In strict cmf2 mode (see Section 6), tfhdDefaultSampleDuration, tfhdDefaultSampleSize, tfhdDefaultSampleFlags, and tfhdSampleDescriptionIndex are emitted unconditionally on the full chunk, even when they match trex.

9.1.1. Sample-size derivation

Let n = trunSampleCount and let P be the chunk's mdat-payload length (MOQT object length minus the framing already consumed). The receiver MUST derive sample sizes as follows:

  • If trunSampleSizes (ID 1) is present, it carries exactly n − 1 values. sample_size[i] = listed[i] for i in [0, n−1), and sample_size[n−1] = P − sum(listed). The receiver MUST NOT consult tfhdDefaultSampleSize, trex.default_sample_size, or any other source for sample sizes in this chunk.

  • Else if tfhdDefaultSampleSize (ID 6) is present, all n samples have that size.

  • Else if trex.default_sample_size is non-zero, all n samples have that size.

  • Else, when n == 1, the lone sample's size is P. When n > 1 and no size information is available the chunk is malformed and the receiver MUST reject it.

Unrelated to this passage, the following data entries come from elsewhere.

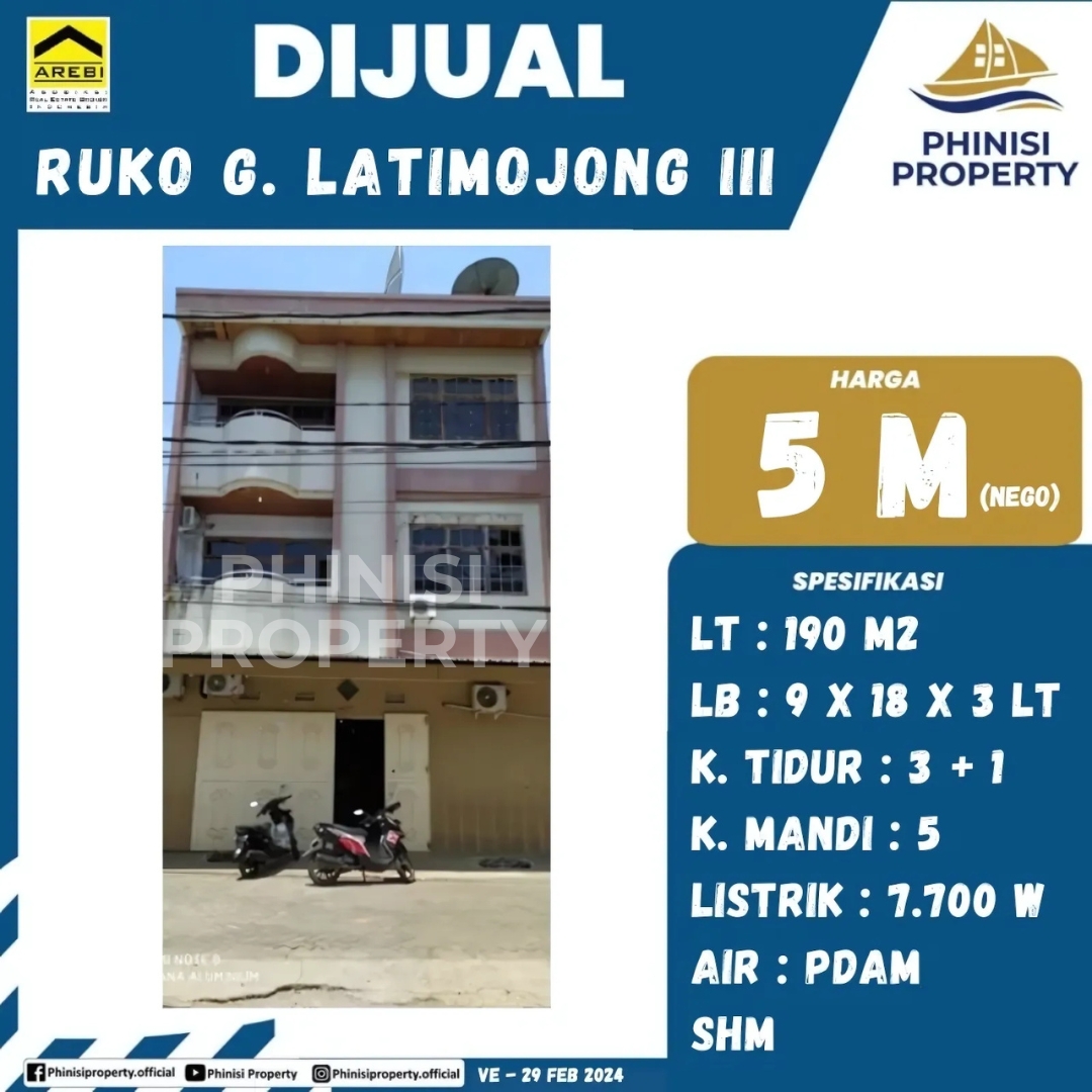 Raih kesempatan emas untuk memiliki ruko strategis di Jalan G. Latimojong III, Makassar. Properti komersial ini menawarkan luas tanah 190 M2 dengan bangunan tiga lantai seluas 9 x 18 M per lantai, sangat ideal untuk berbagai jenis usaha atau investasi. Dilengkapi dengan 3+1 kamar tidur, 5 kamar mandi, daya listrik 7.700 W, dan pasokan air PDAM, ruko ini siap menunjang operasional bisnis Anda. Dengan harga 5 M (nego) dan status kepemilikan SHM, ruko ini merupakan pilihan cerdas bagi Anda yang mencari properti di lokasi prima dengan potensi keuntungan tinggi di jantung kota Makassar.
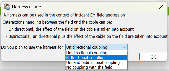 When creating a cable harness in Cablesim, the user can choose the type of interaction between the field and the cable bundle
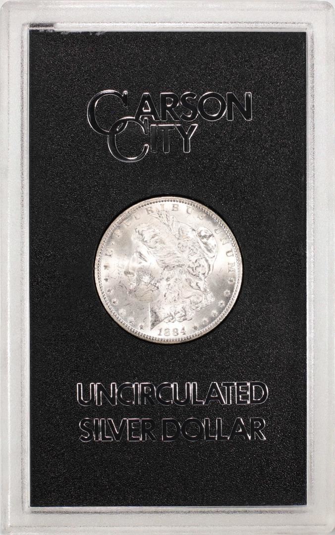 One 1882-CC $1 Morgan Silver Dollar Coin GSA Hoard Uncirculated w/Box & COA.
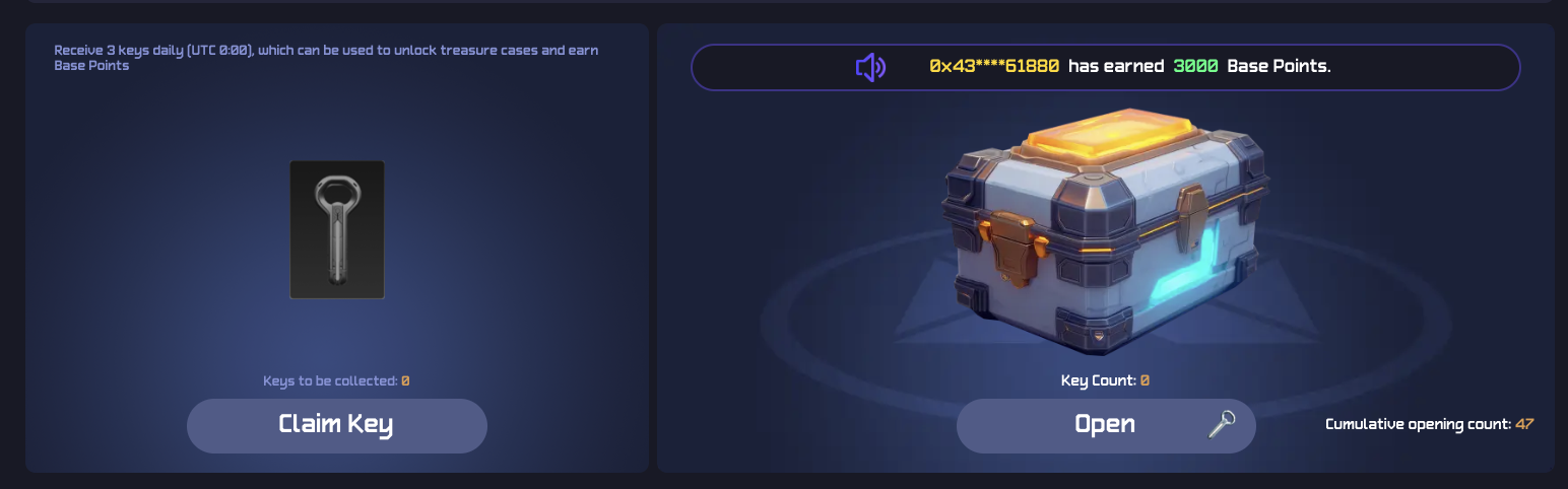 2분쯤 기다리면 key 오른쪽에 박스에 key count가 올라가고 open을 클릭하면 랜덤하게 포인트가 주어진다. - Task Reward
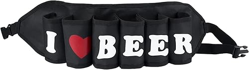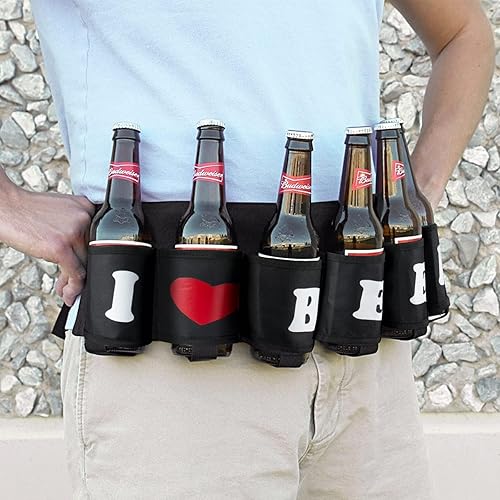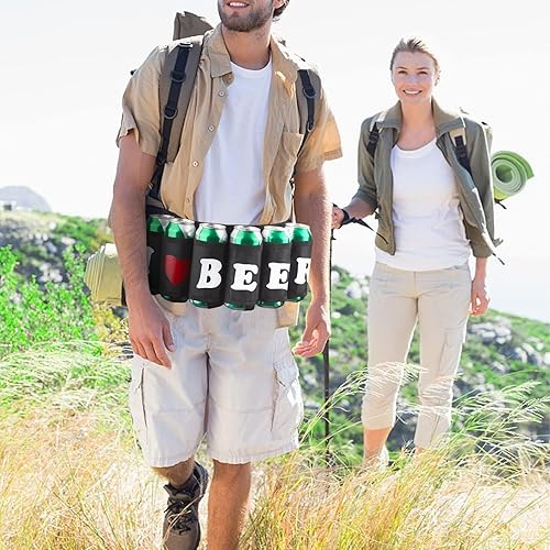 VINFUTUR Ceinture pour Bière Ceinture pour Porte Bière Soda avec 6 Porte-Gobelets Ceinture pour Buveur Portable Réglable Pliable pour Party Camping Escalade Randonnée
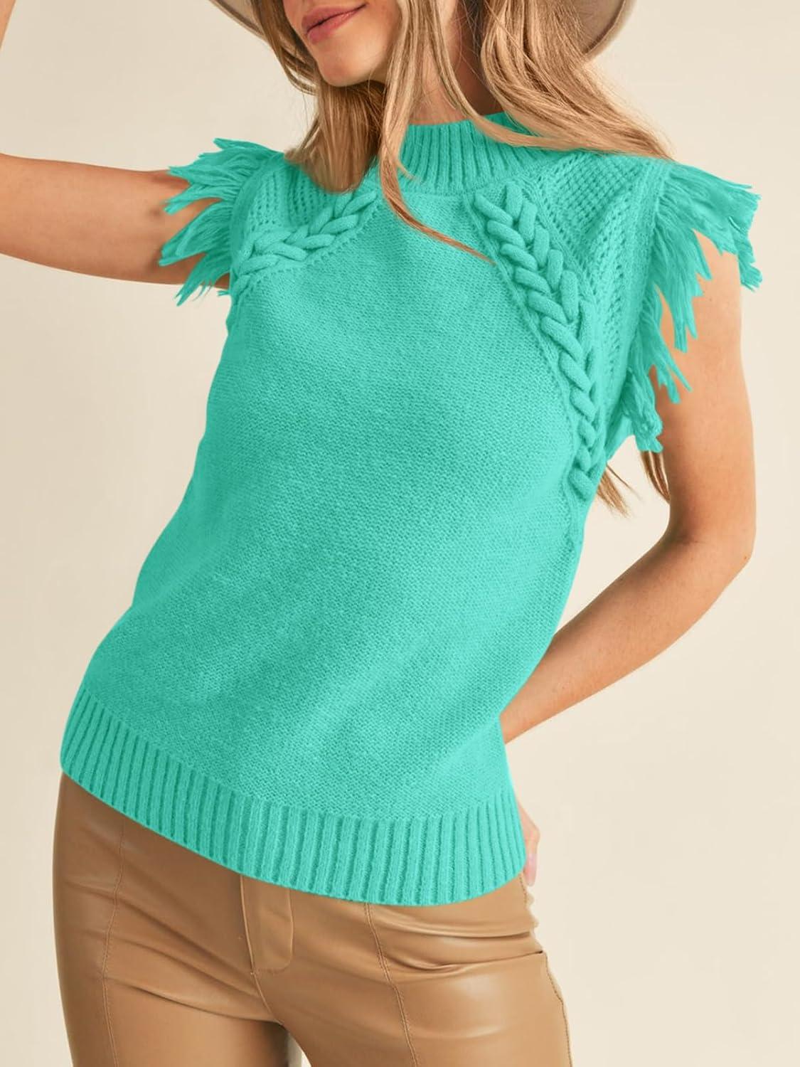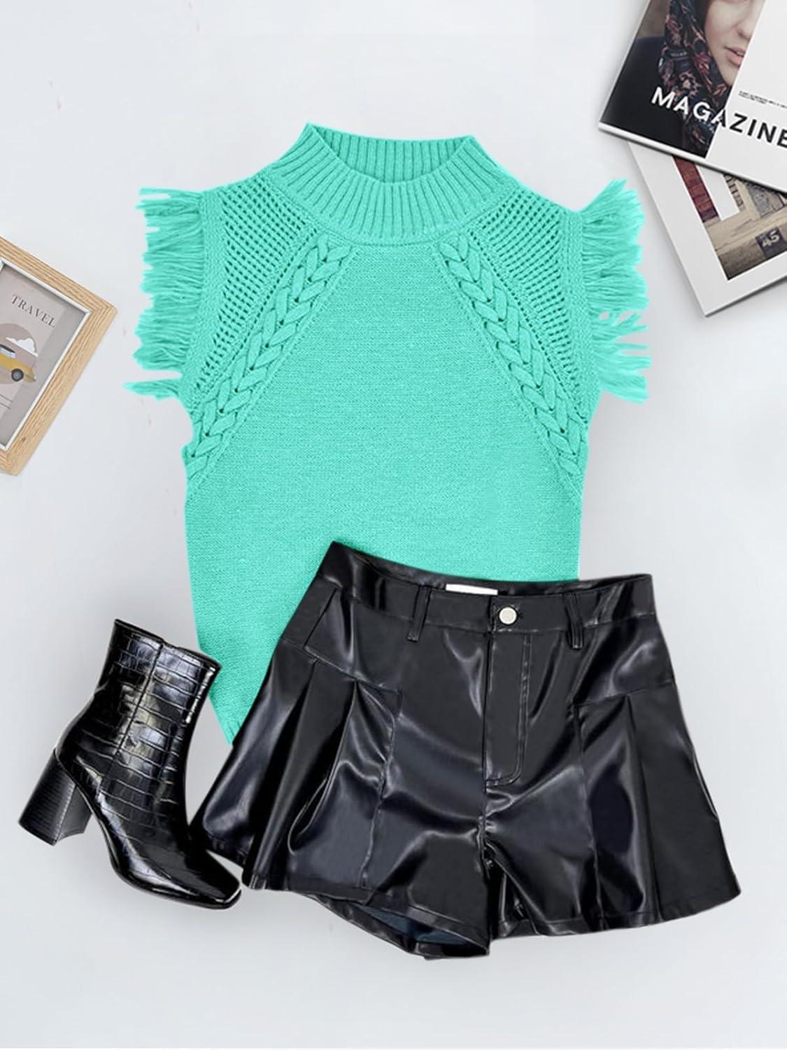 Saodimallsu Womens Sleeveless Sweater Vest Mock Neck Cable Knit Fringe Cap Sleeve Boho Trendy Pullover Tank Tops(Light Green)
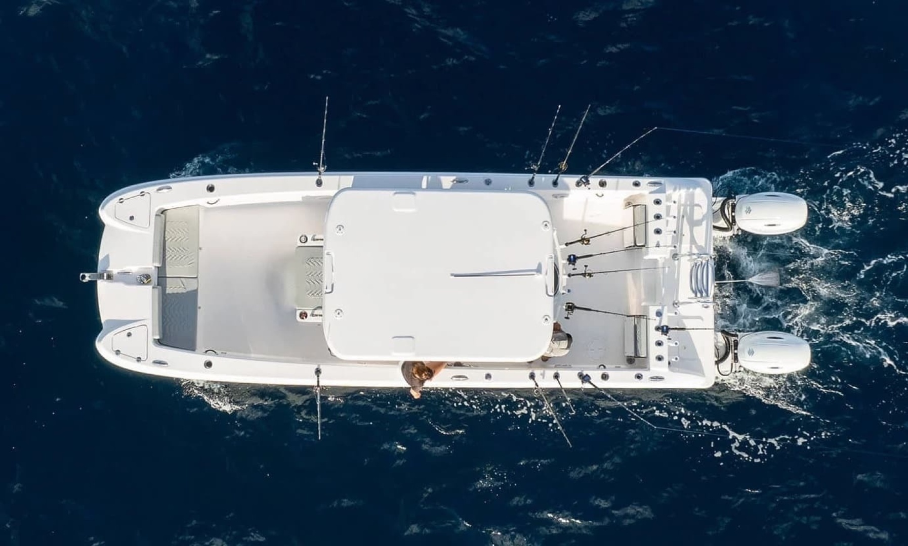 - EVA decking – bow floor, fish box lids and anti-fatigue helm pad
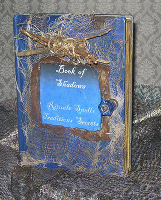 Title (ebay affiliate link): Primitive Halloween Witch BOOK * Mixed Media Art *Vintage Wicca Spells *BLUE
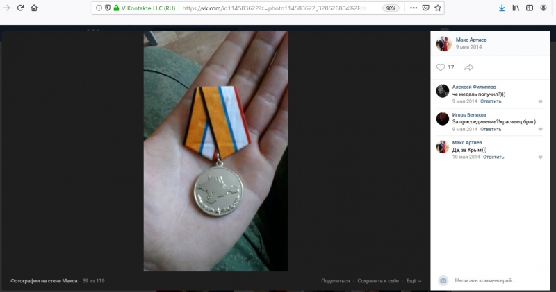 9 травня 2014 року Артієв опублікував фото медалі за окупацію Криму.
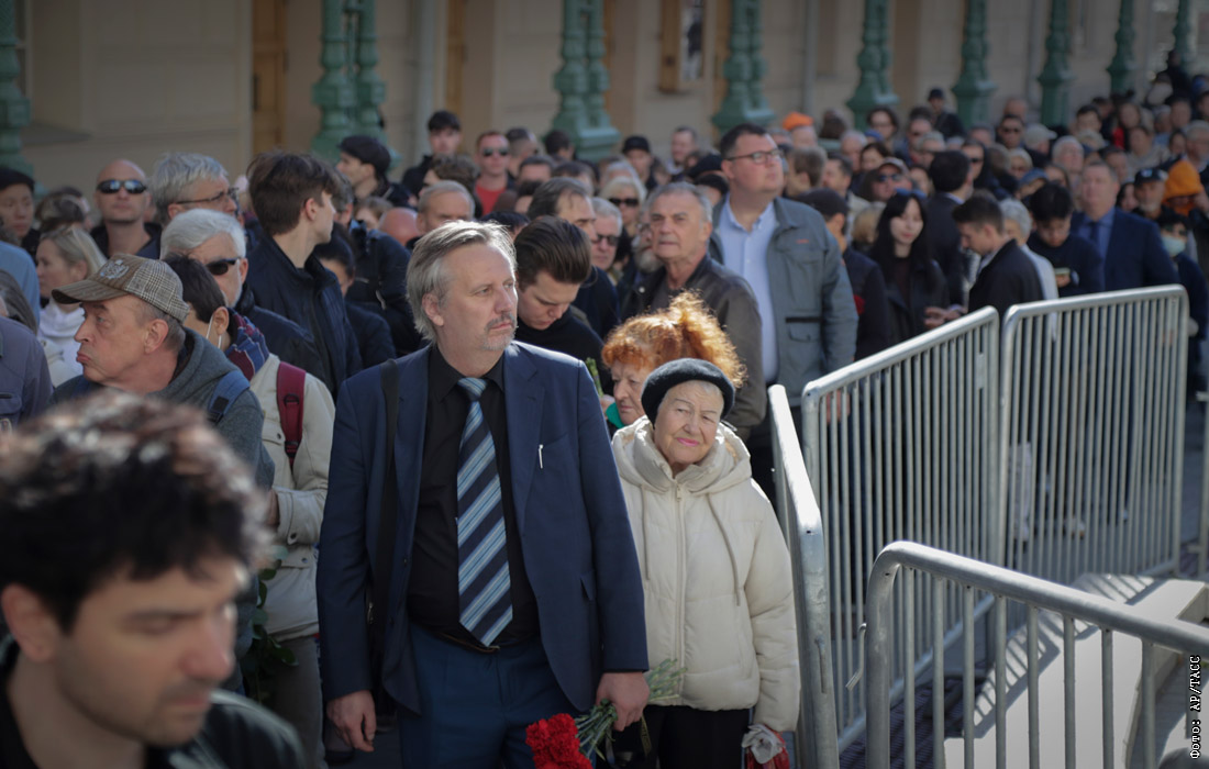 У входа выстроилась огромная очередь, сотни людей друг за другом проходят в зал с цветами
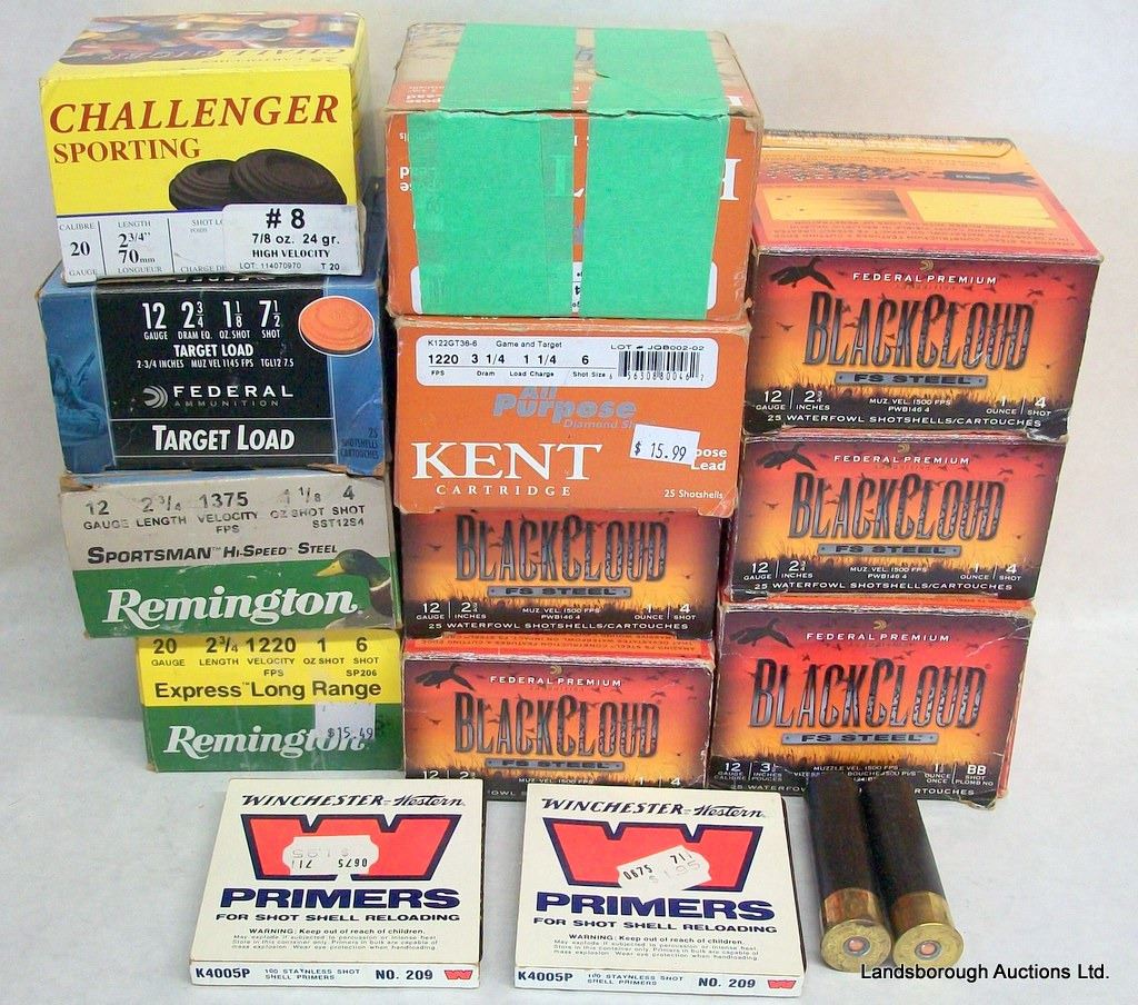 WILL BE VERY COSTLY TO SHIP193 RNDS VARIOUS 12GA 2 3/4", 27 RNDS FEDERAL BLACK CLOUD 12GA 3 1/2" BBSHOT, 43 RNDS VARIOUS 20GA 2 3/4", 110 PCS WINCHESTER WESTERN SHOT SHELL PRIMERS (NO.209) ALL IN CARRYING CASE.
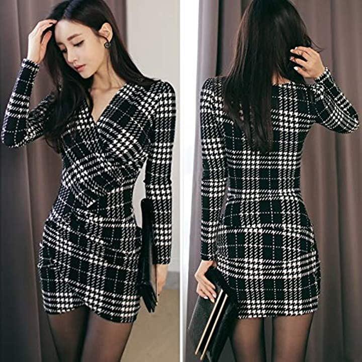 [ISLAYCAOLILA] キャバドレス ミニドレス クラブドレス パーティードレス ワンピース タイト ミニ カシュクール チェック プリント Vネック 長袖 ハイウエスト ギャザー レディース |
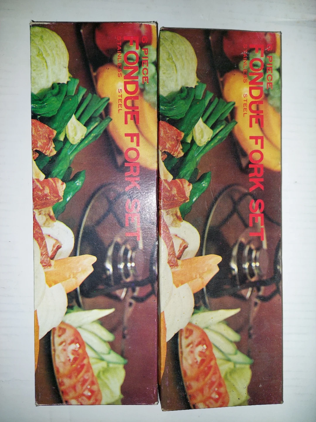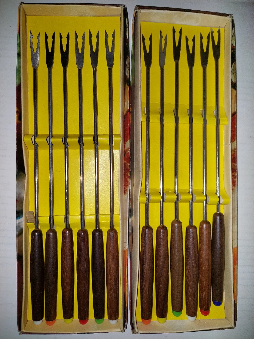 Two sets of retro fondue forks. 6 firks per set.. Each fork has a stainless steel tip and a wooden handle. Coloured-coded tips on handles to keep track of each fork.
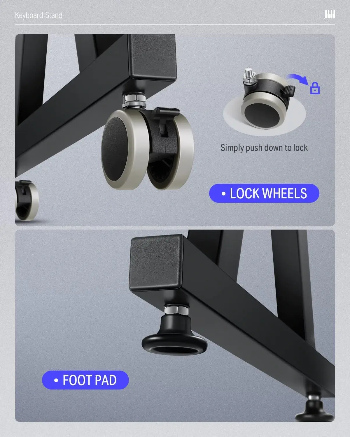 This product includes lockable swivel wheels that allow you to move the stand smoothly anywhere. When you don't need to apply the wheels, you can switch the footpads to fix it. (Note: When using the universal wheel, remember to lock the wheel after the piano is placed on the piano stand.)
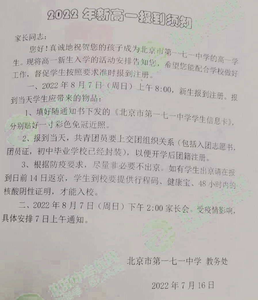 2022年北京一七一中学新高一入学通知!北京admw360教研组整理分享相关信息,供大家参考。

Correspondingly, when sample_count == 1 both trunSampleSizes and tfhdDefaultSampleSize MUST be omitted — the single sample's size is always P. When sample_count > 1 with uniform sizes the encoder MUST emit tfhdDefaultSampleSize (subject to the trex.default_sample_size equality rule) and MUST NOT emit trunSampleSizes; when sizes vary the encoder MUST emit trunSampleSizes with exactly n − 1 entries and MUST NOT emit tfhdDefaultSampleSize. Omitting the last sample size shaves one varint per chunk; using the default for uniform-size tracks (common for fixed-bitrate audio, e.g., AC-3) collapses n − 1 varints to one.

9.2. Emission rules for prft / styp / emsg fields

stypBrandList is emitted iff the source CMAF chunk preceded its moof with a styp box. When omitted, the receiver produces no styp in the reconstructed chunk.

prft fields (18, 20, 22, 24) are emitted iff the source CMAF chunk preceded its moof with a prft box, subject to the per-field defaults described in Section 8.2 (encoders MAY omit prftVersion when it is 1 and prftFlags when it is 0). All emitted values are absolute.

emsgList is emitted iff the source CMAF chunk preceded its moof with one or more v1 emsg boxes. See Section 12 for the record format.

10. Delta LOCMAF Chunk Encoding

A LocmafDeltaHeader carries only the differences between the current CMAF chunk's head and the most recently received full chunk in the same MOQT group.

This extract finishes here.